| Available data |
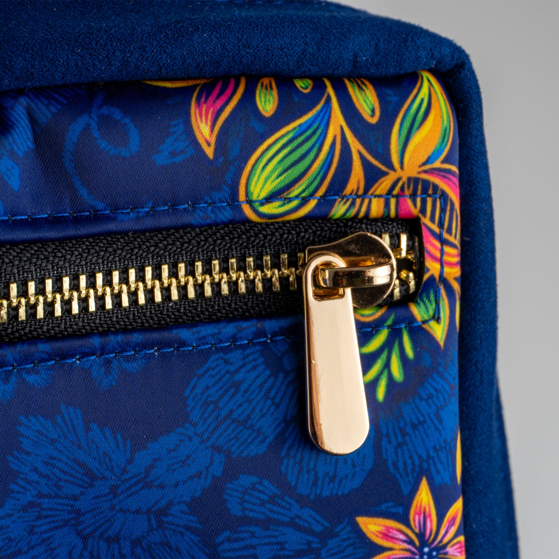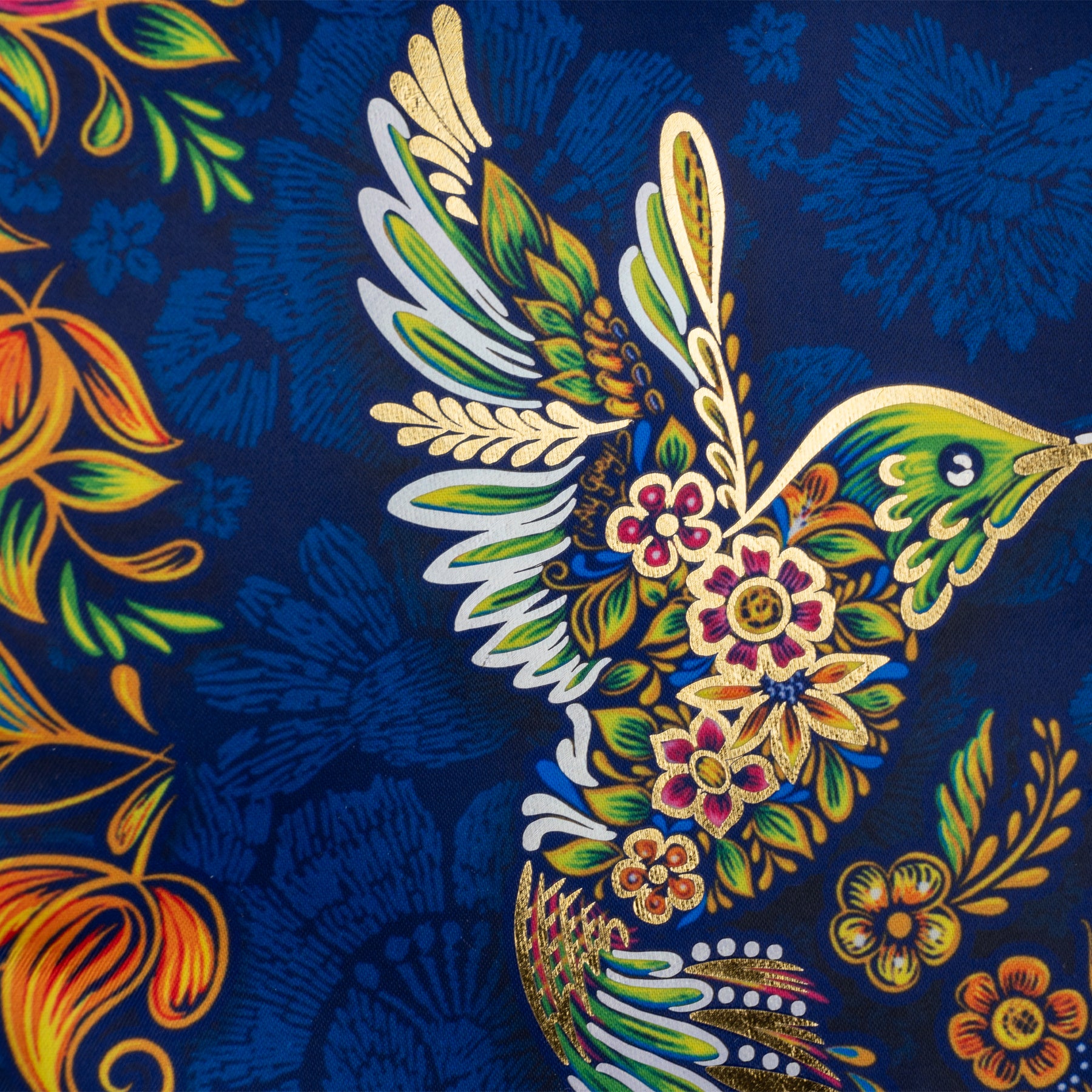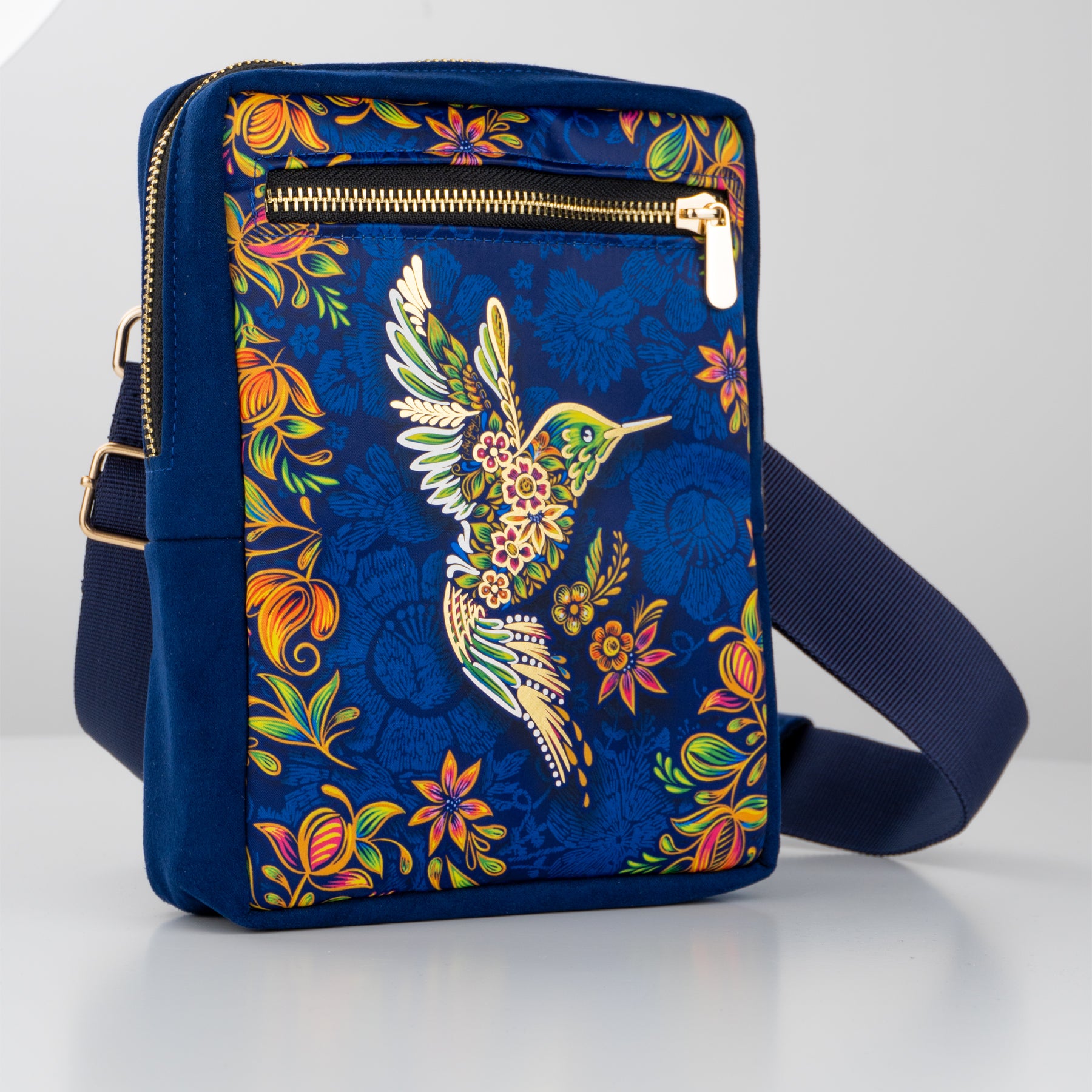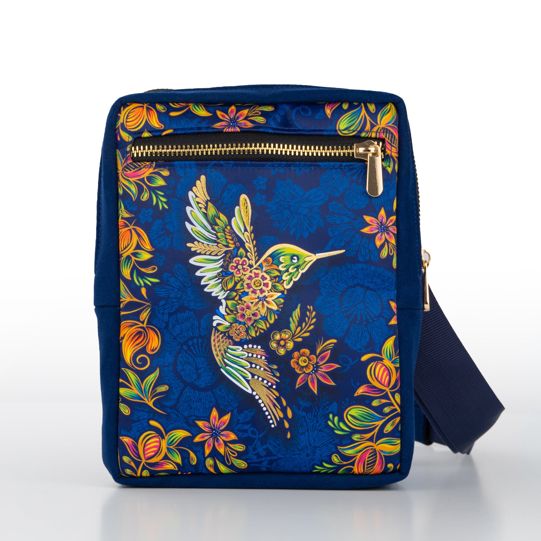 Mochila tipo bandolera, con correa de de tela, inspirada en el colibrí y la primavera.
==
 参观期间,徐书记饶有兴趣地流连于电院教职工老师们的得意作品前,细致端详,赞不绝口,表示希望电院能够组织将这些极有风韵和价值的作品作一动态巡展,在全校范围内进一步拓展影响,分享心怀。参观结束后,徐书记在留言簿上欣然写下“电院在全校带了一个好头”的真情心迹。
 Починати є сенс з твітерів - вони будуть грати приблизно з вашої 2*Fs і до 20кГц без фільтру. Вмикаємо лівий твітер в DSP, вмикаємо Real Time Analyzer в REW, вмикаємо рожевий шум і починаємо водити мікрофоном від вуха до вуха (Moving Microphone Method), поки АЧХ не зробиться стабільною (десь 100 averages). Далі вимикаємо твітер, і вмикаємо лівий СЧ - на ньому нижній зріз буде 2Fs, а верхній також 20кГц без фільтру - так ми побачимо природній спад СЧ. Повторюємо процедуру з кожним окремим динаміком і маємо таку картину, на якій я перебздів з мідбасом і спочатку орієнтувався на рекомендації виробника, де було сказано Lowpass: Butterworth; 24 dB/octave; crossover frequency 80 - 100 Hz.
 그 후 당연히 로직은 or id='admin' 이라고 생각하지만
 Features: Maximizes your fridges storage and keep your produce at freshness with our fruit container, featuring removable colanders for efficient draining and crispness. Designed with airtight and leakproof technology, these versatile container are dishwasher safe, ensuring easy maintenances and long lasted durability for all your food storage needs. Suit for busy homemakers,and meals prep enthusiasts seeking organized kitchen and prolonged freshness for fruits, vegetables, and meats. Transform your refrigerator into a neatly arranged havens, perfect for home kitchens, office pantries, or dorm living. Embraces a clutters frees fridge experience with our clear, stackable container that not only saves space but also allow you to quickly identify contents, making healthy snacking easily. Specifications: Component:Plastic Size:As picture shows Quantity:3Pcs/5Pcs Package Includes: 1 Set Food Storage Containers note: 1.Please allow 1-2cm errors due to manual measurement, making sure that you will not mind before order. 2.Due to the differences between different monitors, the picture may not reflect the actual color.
==
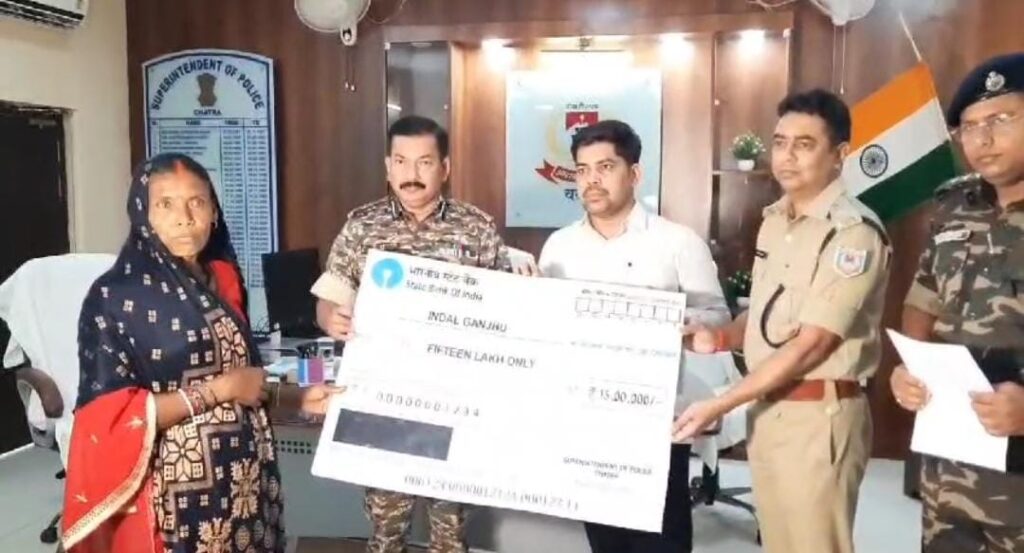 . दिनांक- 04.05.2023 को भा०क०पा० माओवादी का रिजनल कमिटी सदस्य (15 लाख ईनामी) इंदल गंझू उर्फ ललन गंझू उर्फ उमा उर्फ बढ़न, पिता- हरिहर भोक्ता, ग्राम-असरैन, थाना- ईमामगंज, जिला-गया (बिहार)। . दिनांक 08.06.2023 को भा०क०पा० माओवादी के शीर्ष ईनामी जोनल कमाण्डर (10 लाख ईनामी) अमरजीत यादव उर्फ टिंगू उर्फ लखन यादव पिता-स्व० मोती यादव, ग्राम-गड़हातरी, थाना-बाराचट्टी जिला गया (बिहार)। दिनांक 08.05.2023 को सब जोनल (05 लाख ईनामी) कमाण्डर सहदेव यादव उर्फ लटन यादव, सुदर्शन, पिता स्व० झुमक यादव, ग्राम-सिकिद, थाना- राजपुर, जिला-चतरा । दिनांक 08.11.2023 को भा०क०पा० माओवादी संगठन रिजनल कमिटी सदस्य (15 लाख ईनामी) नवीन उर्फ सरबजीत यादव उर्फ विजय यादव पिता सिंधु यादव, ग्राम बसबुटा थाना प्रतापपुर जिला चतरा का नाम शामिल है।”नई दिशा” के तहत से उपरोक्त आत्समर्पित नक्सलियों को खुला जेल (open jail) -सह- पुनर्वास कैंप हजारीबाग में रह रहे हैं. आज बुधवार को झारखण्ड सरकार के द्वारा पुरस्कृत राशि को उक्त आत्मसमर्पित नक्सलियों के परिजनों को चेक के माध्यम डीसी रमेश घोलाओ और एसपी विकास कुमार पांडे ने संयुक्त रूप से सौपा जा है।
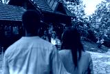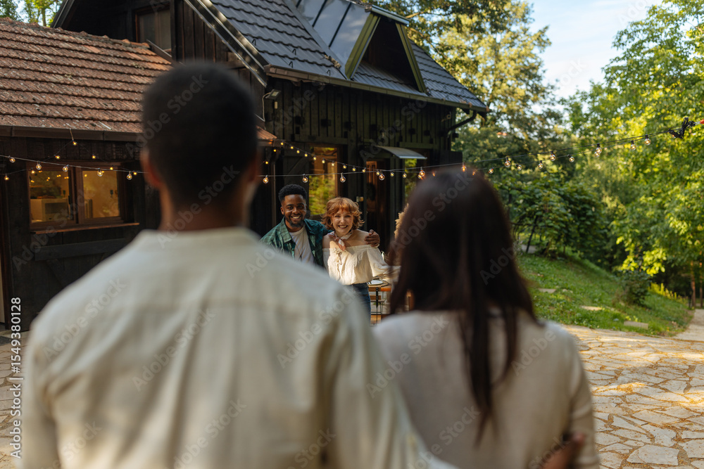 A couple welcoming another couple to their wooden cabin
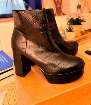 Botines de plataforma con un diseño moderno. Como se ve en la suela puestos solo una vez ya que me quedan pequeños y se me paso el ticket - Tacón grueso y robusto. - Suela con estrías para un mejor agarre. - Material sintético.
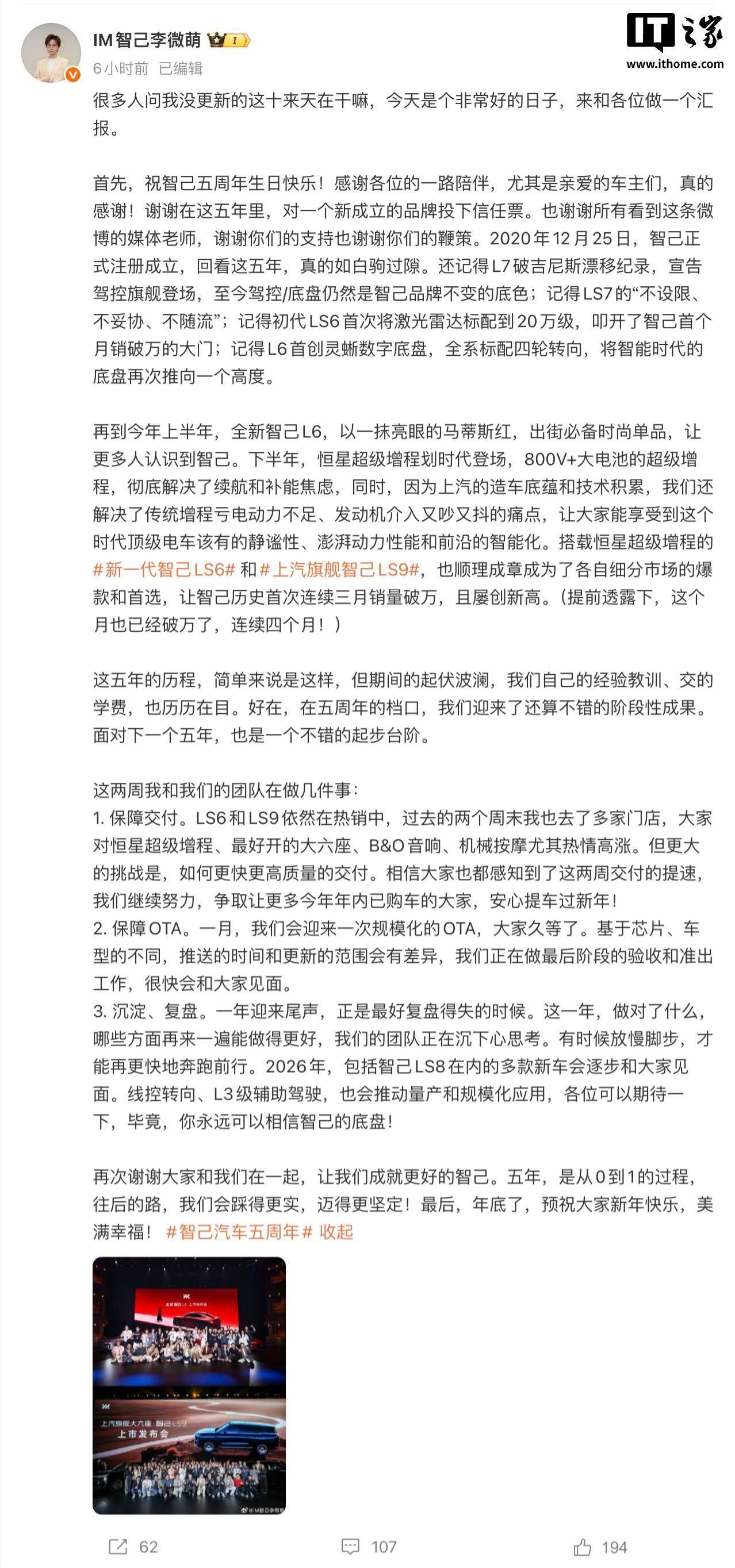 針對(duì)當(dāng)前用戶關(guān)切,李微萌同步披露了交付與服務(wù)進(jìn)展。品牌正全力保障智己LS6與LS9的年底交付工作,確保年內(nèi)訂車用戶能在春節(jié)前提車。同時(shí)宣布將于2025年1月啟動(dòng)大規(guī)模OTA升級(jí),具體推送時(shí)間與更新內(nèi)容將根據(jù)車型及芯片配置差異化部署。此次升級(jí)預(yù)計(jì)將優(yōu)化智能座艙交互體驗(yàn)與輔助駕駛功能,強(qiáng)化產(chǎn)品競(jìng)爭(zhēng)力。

| Required action |
Using the entries above, repeat exactly the lines from the one with "Botines de plataforma" to the one with "針對(duì)當(dāng)", both included, and leave the pictures behind.

| Task answer |
 Botines de plataforma con un diseño moderno. Como se ve en la suela puestos solo una vez ya que me quedan pequeños y se me paso el ticket - Tacón grueso y robusto. - Suela con estrías para un mejor agarre. - Material sintético.
 針對(duì)當(dāng)前用戶關(guān)切,李微萌同步披露了交付與服務(wù)進(jìn)展。品牌正全力保障智己LS6與LS9的年底交付工作,確保年內(nèi)訂車用戶能在春節(jié)前提車。同時(shí)宣布將于2025年1月啟動(dòng)大規(guī)模OTA升級(jí),具體推送時(shí)間與更新內(nèi)容將根據(jù)車型及芯片配置差異化部署。此次升級(jí)預(yù)計(jì)將優(yōu)化智能座艙交互體驗(yàn)與輔助駕駛功能,強(qiáng)化產(chǎn)品競(jìng)爭(zhēng)力。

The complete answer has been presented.